**ACTION ITEM:**
All lines below starting at the one that holds "Salt Baked Halibut- Finally, my" and ending at the one that holds "تتميز بتطريز كلاسيكي" should be printed exactly, ends included. Pictures should not be printed, nor anything else.

**DATASET CONTENT:**
........

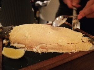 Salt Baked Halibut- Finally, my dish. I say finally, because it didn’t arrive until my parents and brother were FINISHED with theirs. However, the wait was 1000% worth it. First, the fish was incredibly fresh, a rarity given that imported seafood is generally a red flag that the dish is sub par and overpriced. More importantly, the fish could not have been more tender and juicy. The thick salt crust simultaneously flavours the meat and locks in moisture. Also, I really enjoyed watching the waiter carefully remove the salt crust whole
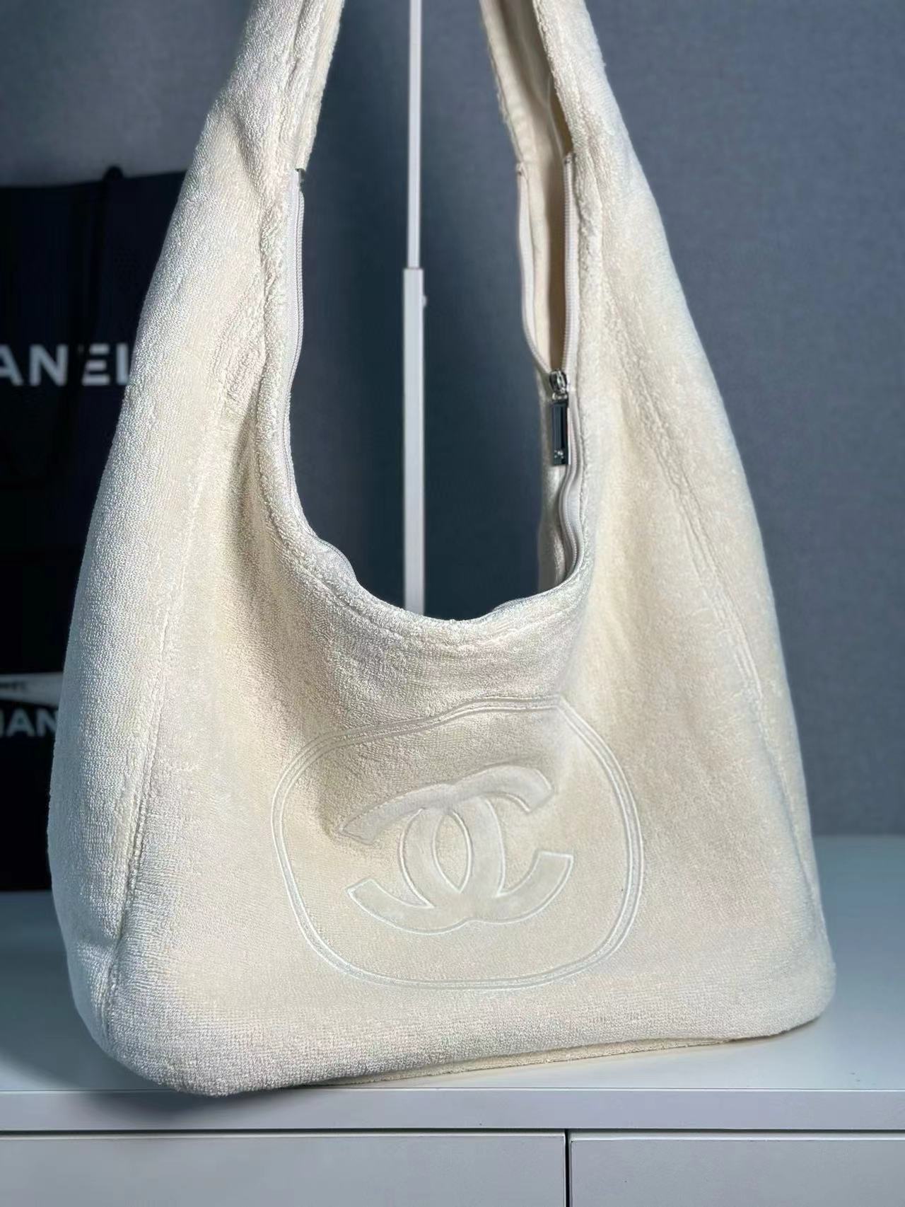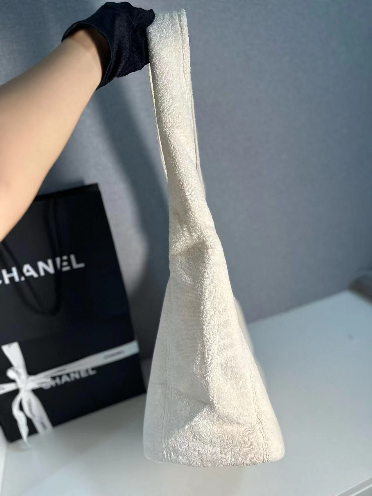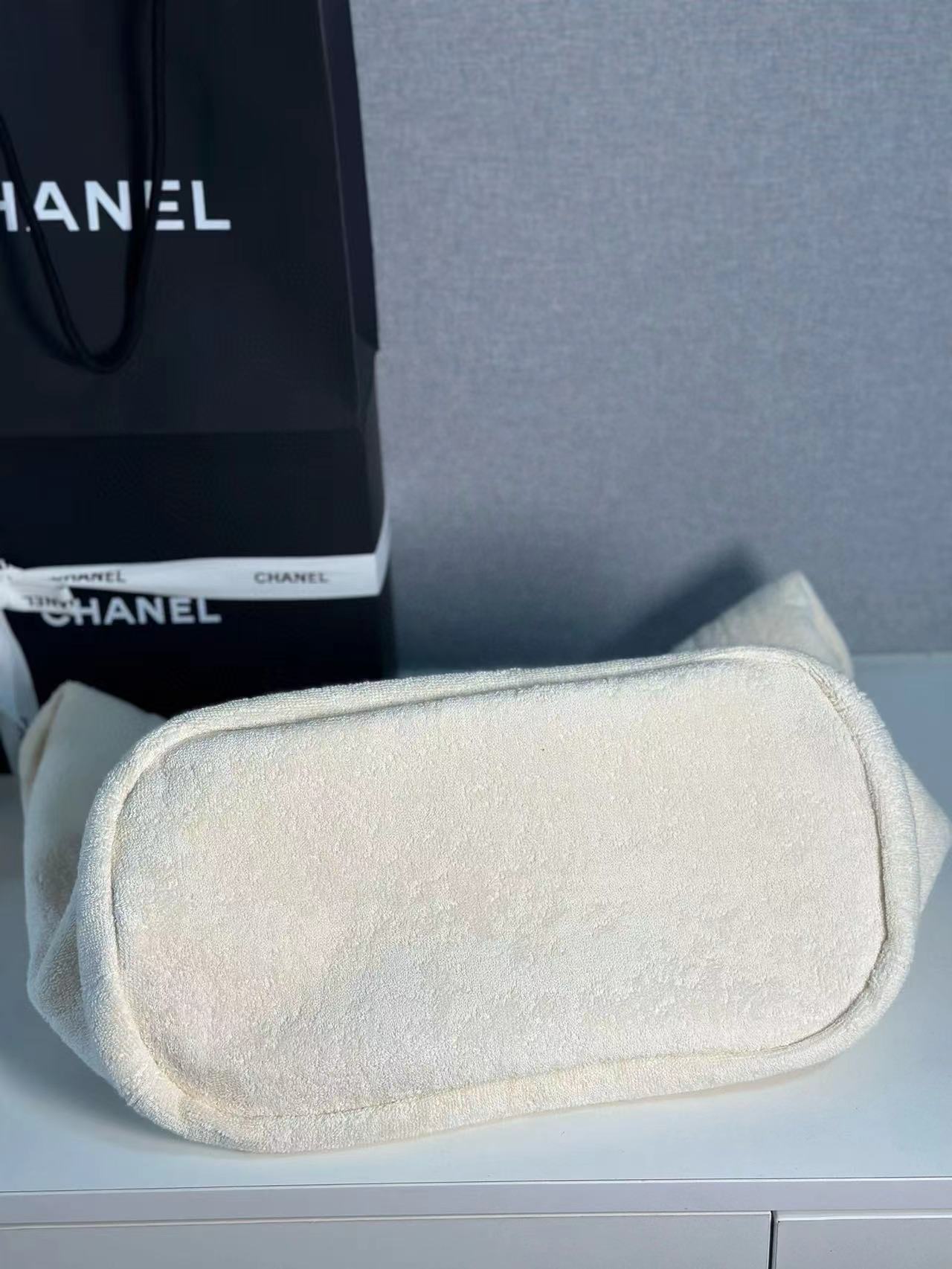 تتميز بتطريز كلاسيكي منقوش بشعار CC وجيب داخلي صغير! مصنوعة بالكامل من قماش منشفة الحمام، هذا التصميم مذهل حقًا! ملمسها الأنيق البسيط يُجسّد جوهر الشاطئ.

........

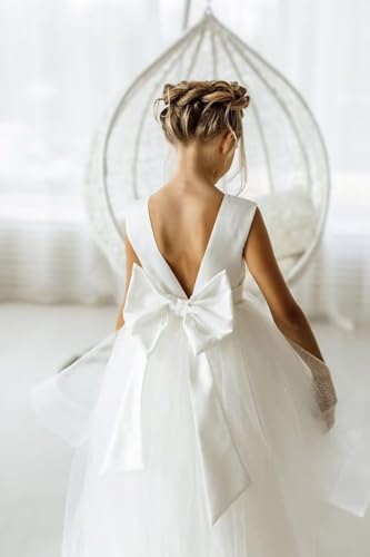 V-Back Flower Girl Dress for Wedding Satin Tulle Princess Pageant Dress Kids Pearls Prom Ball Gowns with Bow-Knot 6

........

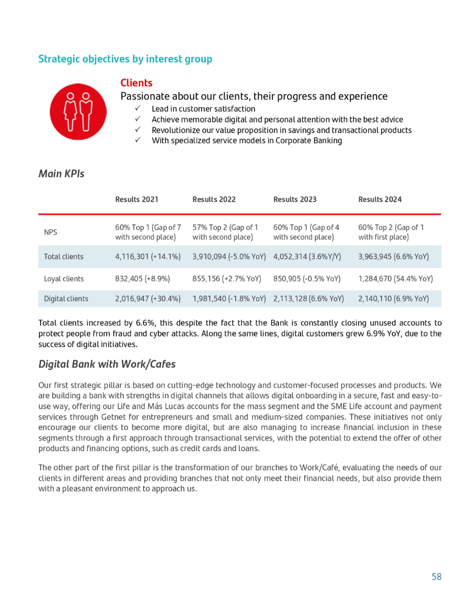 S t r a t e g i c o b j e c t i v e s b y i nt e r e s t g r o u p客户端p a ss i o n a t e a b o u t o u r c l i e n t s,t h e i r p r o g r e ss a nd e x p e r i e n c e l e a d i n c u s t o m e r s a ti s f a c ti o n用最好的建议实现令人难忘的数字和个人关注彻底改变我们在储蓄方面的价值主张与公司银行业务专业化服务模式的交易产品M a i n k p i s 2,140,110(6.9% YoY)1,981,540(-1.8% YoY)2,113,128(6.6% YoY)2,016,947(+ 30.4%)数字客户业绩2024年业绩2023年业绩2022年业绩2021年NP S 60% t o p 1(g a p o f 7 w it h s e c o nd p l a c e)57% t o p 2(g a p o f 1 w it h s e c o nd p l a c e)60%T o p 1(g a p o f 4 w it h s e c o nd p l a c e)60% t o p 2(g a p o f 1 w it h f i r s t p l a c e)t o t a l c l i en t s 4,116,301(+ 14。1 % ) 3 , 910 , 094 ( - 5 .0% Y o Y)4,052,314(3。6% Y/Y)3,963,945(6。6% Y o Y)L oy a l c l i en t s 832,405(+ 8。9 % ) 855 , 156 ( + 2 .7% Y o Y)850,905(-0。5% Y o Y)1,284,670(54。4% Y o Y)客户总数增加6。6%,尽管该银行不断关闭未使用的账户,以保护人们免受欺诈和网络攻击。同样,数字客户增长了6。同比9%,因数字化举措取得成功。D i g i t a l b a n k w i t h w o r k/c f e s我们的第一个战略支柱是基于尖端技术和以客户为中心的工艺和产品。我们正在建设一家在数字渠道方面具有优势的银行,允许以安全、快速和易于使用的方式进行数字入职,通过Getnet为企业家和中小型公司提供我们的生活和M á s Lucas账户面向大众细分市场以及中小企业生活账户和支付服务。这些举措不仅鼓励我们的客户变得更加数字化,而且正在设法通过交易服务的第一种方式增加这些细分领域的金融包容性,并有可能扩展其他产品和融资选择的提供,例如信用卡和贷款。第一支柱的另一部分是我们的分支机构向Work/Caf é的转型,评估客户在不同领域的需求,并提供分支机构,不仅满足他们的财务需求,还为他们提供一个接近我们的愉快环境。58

........

**OUTPUT:**
 Salt Baked Halibut- Finally, my dish. I say finally, because it didn’t arrive until my parents and brother were FINISHED with theirs. However, the wait was 1000% worth it. First, the fish was incredibly fresh, a rarity given that imported seafood is generally a red flag that the dish is sub par and overpriced. More importantly, the fish could not have been more tender and juicy. The thick salt crust simultaneously flavours the meat and locks in moisture. Also, I really enjoyed watching the waiter carefully remove the salt crust whole
 تتميز بتطريز كلاسيكي منقوش بشعار CC وجيب داخلي صغير! مصنوعة بالكامل من قماش منشفة الحمام، هذا التصميم مذهل حقًا! ملمسها الأنيق البسيط يُجسّد جوهر الشاطئ.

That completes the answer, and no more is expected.